Material supplied:
-- -- --
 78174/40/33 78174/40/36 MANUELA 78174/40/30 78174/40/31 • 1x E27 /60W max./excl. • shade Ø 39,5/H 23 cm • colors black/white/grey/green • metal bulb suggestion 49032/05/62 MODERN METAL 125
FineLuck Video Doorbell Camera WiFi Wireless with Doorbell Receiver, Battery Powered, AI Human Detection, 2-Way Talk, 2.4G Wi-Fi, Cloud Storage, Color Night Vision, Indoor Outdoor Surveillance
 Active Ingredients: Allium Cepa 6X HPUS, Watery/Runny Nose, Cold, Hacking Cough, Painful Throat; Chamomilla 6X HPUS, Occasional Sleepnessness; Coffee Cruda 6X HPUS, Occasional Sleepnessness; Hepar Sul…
-- -- --
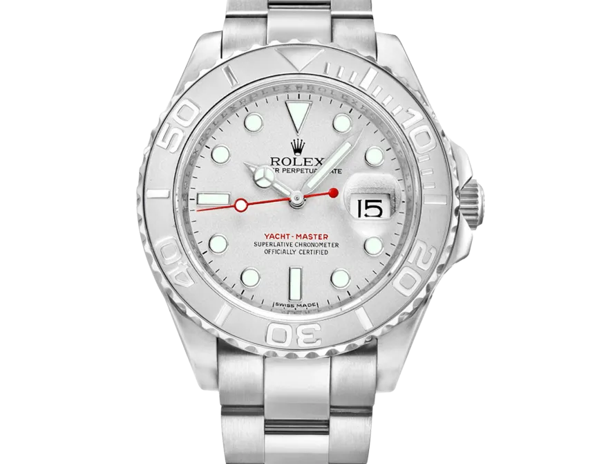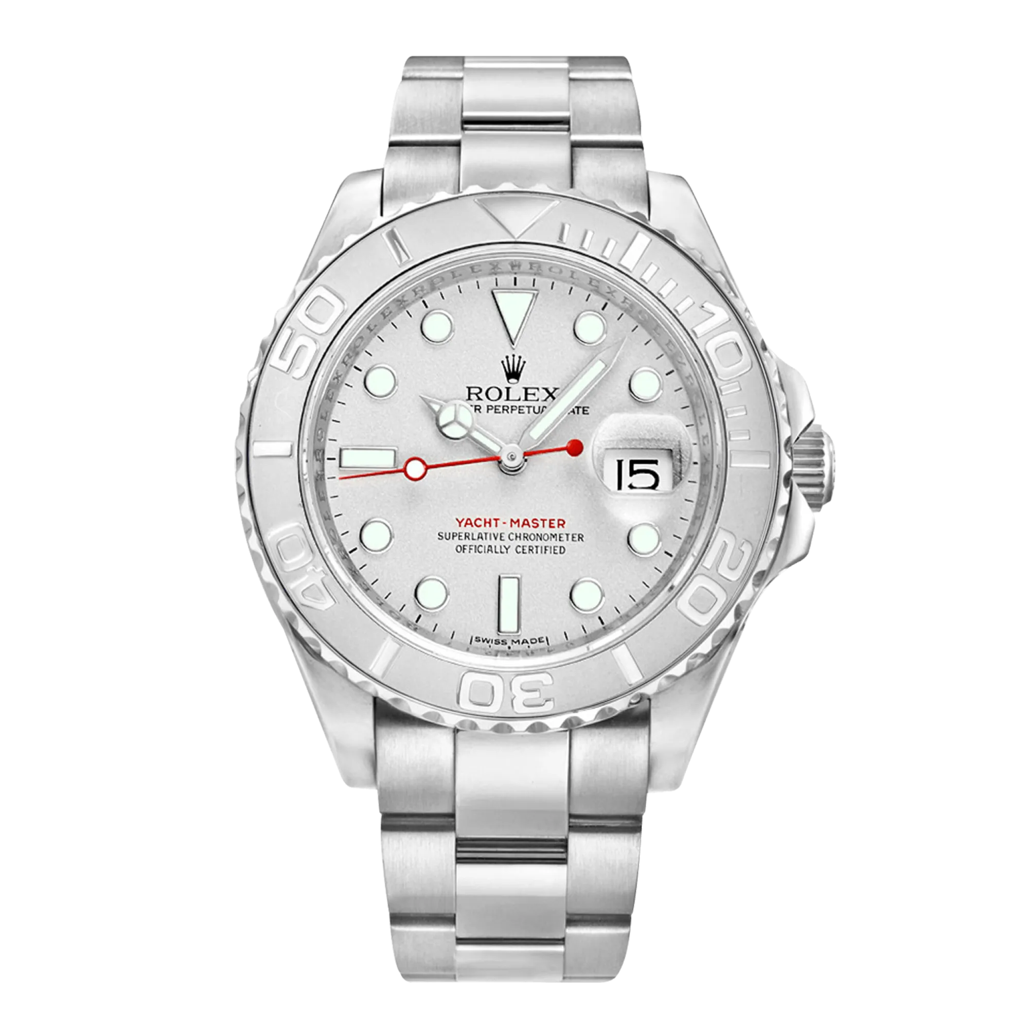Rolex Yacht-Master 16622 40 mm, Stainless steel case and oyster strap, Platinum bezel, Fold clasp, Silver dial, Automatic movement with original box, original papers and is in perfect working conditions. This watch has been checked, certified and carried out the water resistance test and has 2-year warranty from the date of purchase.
-- -- --
The task: In the entries above, find the line holding "FineLuck Video Doorbell" and the line holding "Active Ingredients: Allium"; print both of them and every line between, exactly, and nothing else.

Reply:
FineLuck Video Doorbell Camera WiFi Wireless with Doorbell Receiver, Battery Powered, AI Human Detection, 2-Way Talk, 2.4G Wi-Fi, Cloud Storage, Color Night Vision, Indoor Outdoor Surveillance
 Active Ingredients: Allium Cepa 6X HPUS, Watery/Runny Nose, Cold, Hacking Cough, Painful Throat; Chamomilla 6X HPUS, Occasional Sleepnessness; Coffee Cruda 6X HPUS, Occasional Sleepnessness; Hepar Sul…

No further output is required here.